Kerala

Rise and fall in quality of education

Seventy years ago, Travancore, Cochin and Malabar regions put together had 47 per cent literacy - almost three times higher than the British Indian average.  

Rajan Gurukkal

Seventy years ago, Travancore, Cochin and Malabar regions put together had 47 per cent literacy - almost three times higher than the British Indian average. 

Transcending the caste-based familial initiation into hereditary crafts (kulathozhil) and traditional general initiation to read and write at the pallikkudam/kalari (village school), education in Kerala was predominantly a missionary enterprise substantially complemented by the state.

School education, from its very inception, had de-skilled the children in traditional arts and crafts, but had made them employable in white collar jobs, including teaching. It  emancipated them from the bondage of caste-based hereditary occupations. Quality of education, in terms of competencies in comprehending, applying, analysing, evaluating and creating, was relatively high till the 70s, thanks to the variety of government measures adopted for improving the school infrastructure, learning environment, curricula, textbooks, teacher education, etc. in the wake of the socio-political rush towards 100 per cent literacy.  Kerala Education Rules culminated the state efforts to ensure corruption-free governance of schools, quality teaching and effective learning. Introduction of ‘All Promotion’ with other means to check the drop-outs in the 60s began to compromise quality.

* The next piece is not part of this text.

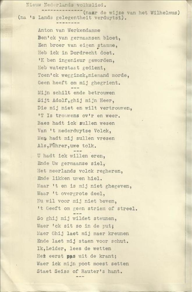 Vel papier met tekst Wilhelmus van Nassauwen opnieuw...

Ever since, the growth of literacy became independent of quality.  Since the 1990s, commercialisation and privatisation of education under neoliberal national education reforms  have inflicted a rupture in the symbiotic relation between the schools of the government and the aided private sector.
Teaching has degenerated to mere militaristic disciplining of students’ memory, and learning has reduced itself to mere remembering. Teachers hardly think about teaching how to learn and students seldom distinguish understanding from memorising. Colleges and universities became institutions full of students behaving like objects floating in a current and teachers mostly discharging their duties in a ‘work to rule’ system. This has made higher education too mechanical.  Today, commercialised professional education of abysmally poor quality is proliferating unemployable graduates, awaiting enslavement tomorrow. In short, 70 years of education show a trajectory of steady rise in the percentage of literacy, but with an intersecting quality curve sticky downward from the 1990s.      

(Former Vice-Chancellor of MG University and an eminent historian and social scientist.)